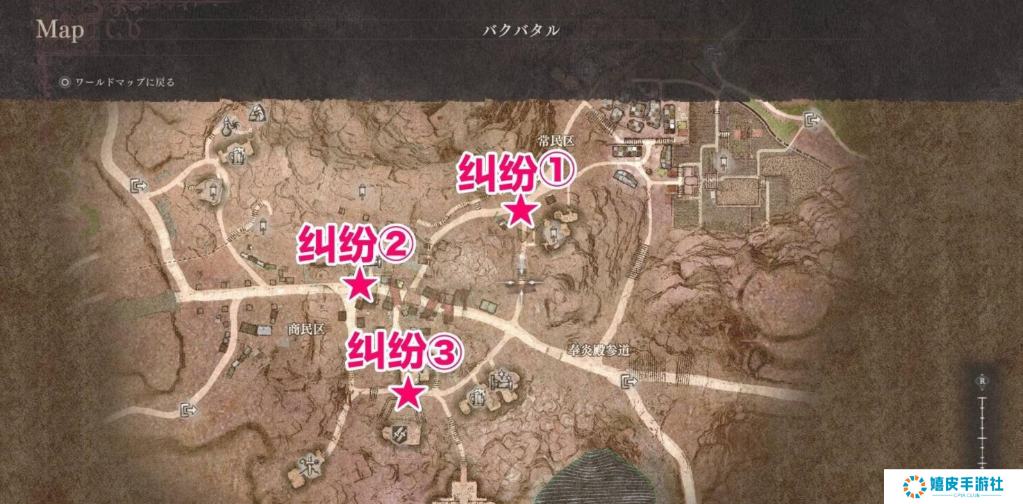 2、然后玩家需要去解决三场纠纷,纠纷位置如图所示;
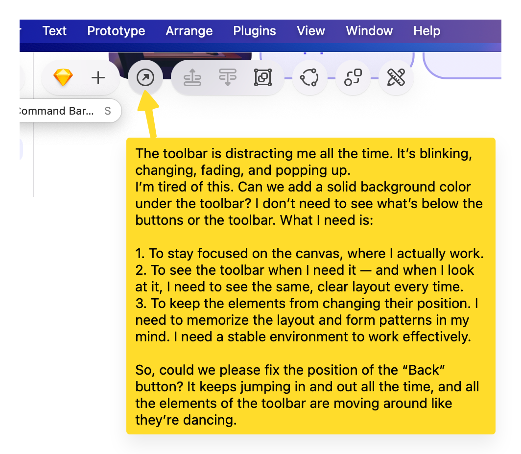 I somehow relied a lot on right-click an element and “Send Backward’ (and using ‘option’ for ‘Send to back’). Now with the extra sub-menu I feel like I’ll have to learn the shortcuts. Kudos for those shortcut working on French Canadian keyboards, something I can’t say of other big design softwares..
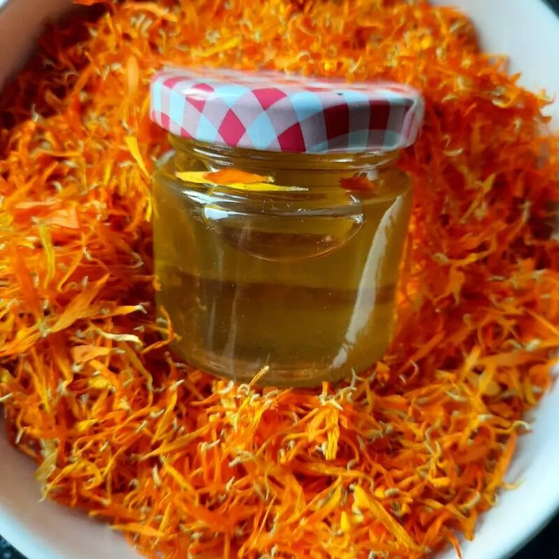 Zelf goudsbloemolie maken : Goudsbloemen , kokosolie, lavendel
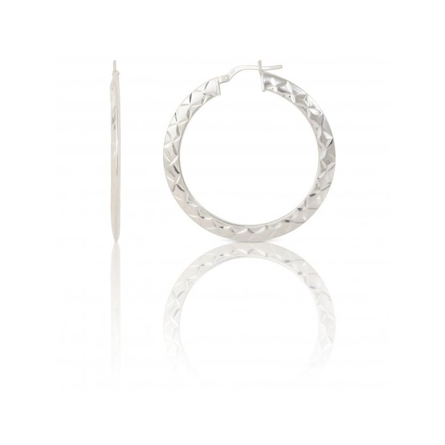 New Sterling Silver 30mm Pattern Hoop Earrings
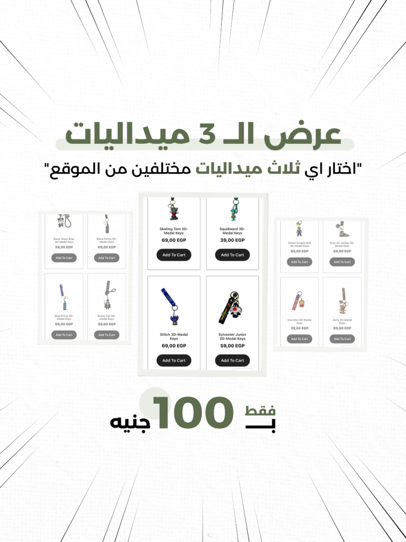 اختار أي ثلاث ميداليات مختلفين من الموقع من قسم الميداليات فقط بسعر 100ج !!

++++

*How to complete this task*.
Could you set down the records above word for word, without any of the pictures?

*Written solution*.
 2、然后玩家需要去解决三场纠纷,纠纷位置如图所示;
 I somehow relied a lot on right-click an element and “Send Backward’ (and using ‘option’ for ‘Send to back’). Now with the extra sub-menu I feel like I’ll have to learn the shortcuts. Kudos for those shortcut working on French Canadian keyboards, something I can’t say of other big design softwares..
 Zelf goudsbloemolie maken : Goudsbloemen , kokosolie, lavendel
 New Sterling Silver 30mm Pattern Hoop Earrings
 اختار أي ثلاث ميداليات مختلفين من الموقع من قسم الميداليات فقط بسعر 100ج !!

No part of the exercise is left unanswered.